Make sure machines truly see your brand and your product
Myriam says: “Everyone is slowly coming to realise that SEO is changing in many different ways.
My tip is to make sure that your brand and your products are machine-readable, because we're dealing with multimodal search now. That means I can take out my phone, take a picture of your product and say, ‘Is this vegan?’ - and I will get the answer right away.
SEO is entering the outside world, beyond the web.”

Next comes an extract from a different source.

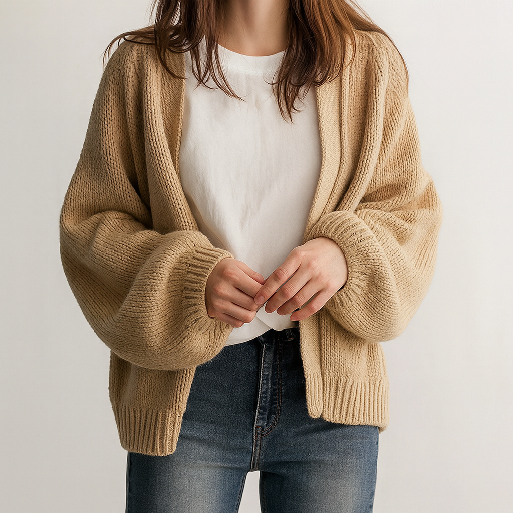 - Warme, grob gestrickte Strickjacke.

What does this mean for both tangible products and less-tangible services, and how do you package what you offer to ensure that it's machine-readable?
“First of all, if you do have products, I have some tips.
Take a picture of your packaging. Make sure that it's machine-readable: the contrast is good, the words come out, etc. That’s very simple, but what if you're a plumber and you don't package anything?
With multimodal search, I could once again take out my phone and take a video of my leaking faucet and ask ChatGPT, Gemini, or Perplexity, ‘Can you find me a plumber nearby that can actually fix this thing? I don't know what it's called. I don't care to know what it's called. I want it fixed.’ The machine will check the video or the picture, try to figure out what it is, and seek out the plumber who has information online saying, ‘This person will fix that specific problem.’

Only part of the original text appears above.